§ **Provided data**:
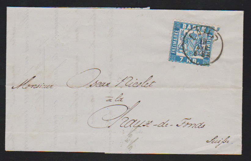 7 Kr. blau, Kabinettstück mit K1 "Lahr " auf Brief in die Schweiz
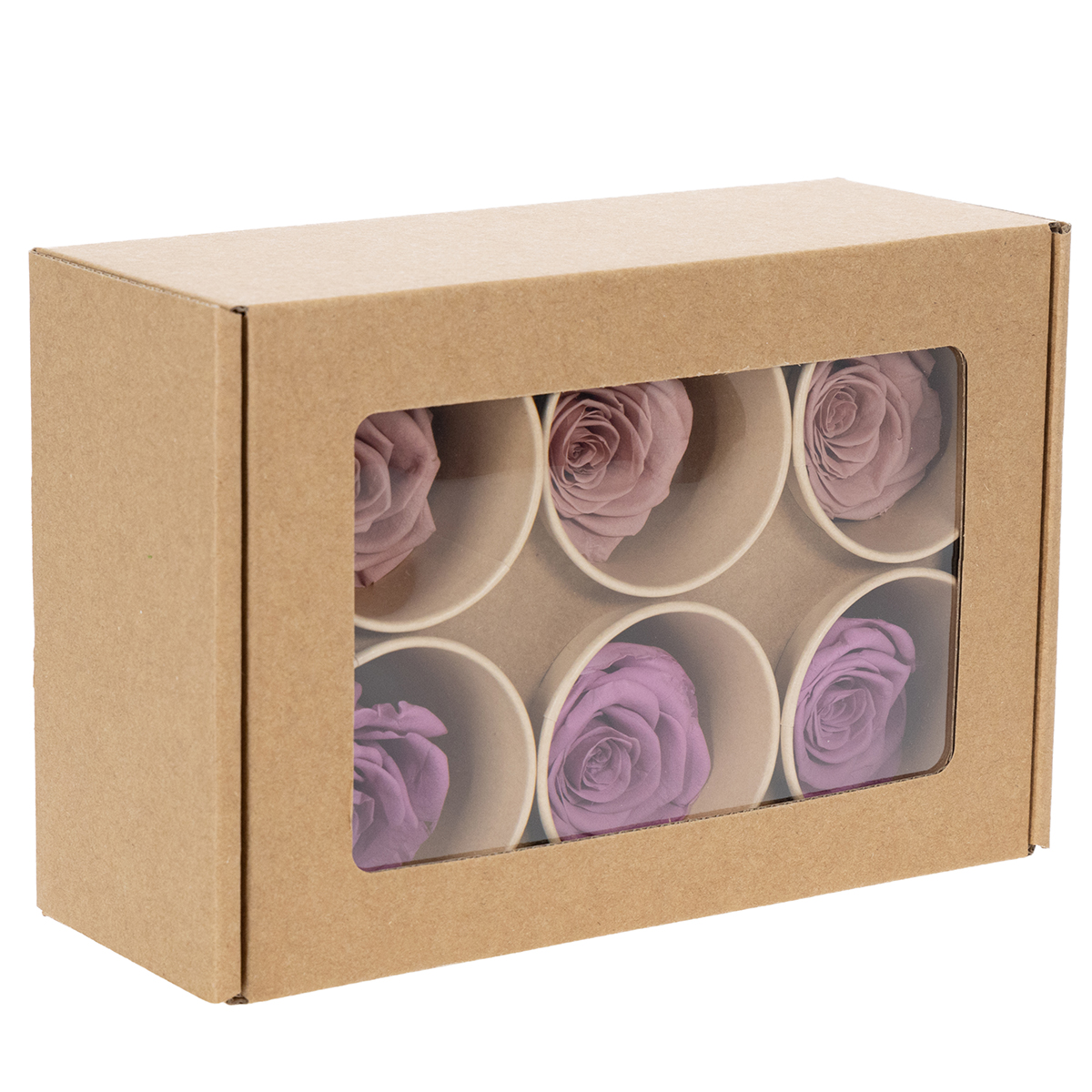 Elegantin liilan väriset säilöntäruusumme ovat todellisia monitoimimiehiä ja täydellinen kumppani erityisiin hetkiin. Saat kuusi kaunista ruusunpäätä, joiden halkaisija on 4 cm ja korkeus 5 cm. Ainutlaatuinen säilöntäprosessi varmistaa, että ruusut säilyttävät luonnollisen muotonsa, värinsä ja kauneutensa ilman minkäänlaista hoitoa. Ei kastelua, ei nuutumista – nämä ruusut on tehty kestämään ikuisesti. Aseta ne elegantiksi keskipisteeksi hääpöytääsi, käytä niitä luovissa askarteluprojekteissa tai anna ne romanttiseksi vuosipäivälahjaksi. Lämmin liilan sävy huokuu maagista rauhaa ja täydentää kauniisti moderneja koristeita tai vintage-tyylisiä yksityiskohtia.
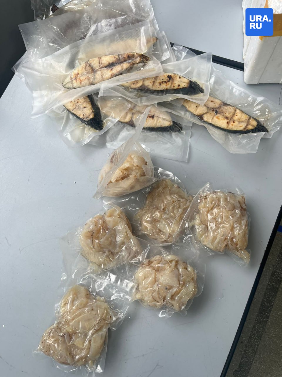 Помимо этого, в пенопластовом коробе нашли еще два килограмма морепродуктов, включая жареную рыбу. Проблема в том, что у пассажира не было необходимых документов и заводской упаковки.

§ **How to complete this task**: Word for word, give the data above again, without any images.

§ **Task output**:
 7 Kr. blau, Kabinettstück mit K1 "Lahr " auf Brief in die Schweiz
 Elegantin liilan väriset säilöntäruusumme ovat todellisia monitoimimiehiä ja täydellinen kumppani erityisiin hetkiin. Saat kuusi kaunista ruusunpäätä, joiden halkaisija on 4 cm ja korkeus 5 cm. Ainutlaatuinen säilöntäprosessi varmistaa, että ruusut säilyttävät luonnollisen muotonsa, värinsä ja kauneutensa ilman minkäänlaista hoitoa. Ei kastelua, ei nuutumista – nämä ruusut on tehty kestämään ikuisesti. Aseta ne elegantiksi keskipisteeksi hääpöytääsi, käytä niitä luovissa askarteluprojekteissa tai anna ne romanttiseksi vuosipäivälahjaksi. Lämmin liilan sävy huokuu maagista rauhaa ja täydentää kauniisti moderneja koristeita tai vintage-tyylisiä yksityiskohtia.
 Помимо этого, в пенопластовом коробе нашли еще два килограмма морепродуктов, включая жареную рыбу. Проблема в том, что у пассажира не было необходимых документов и заводской упаковки.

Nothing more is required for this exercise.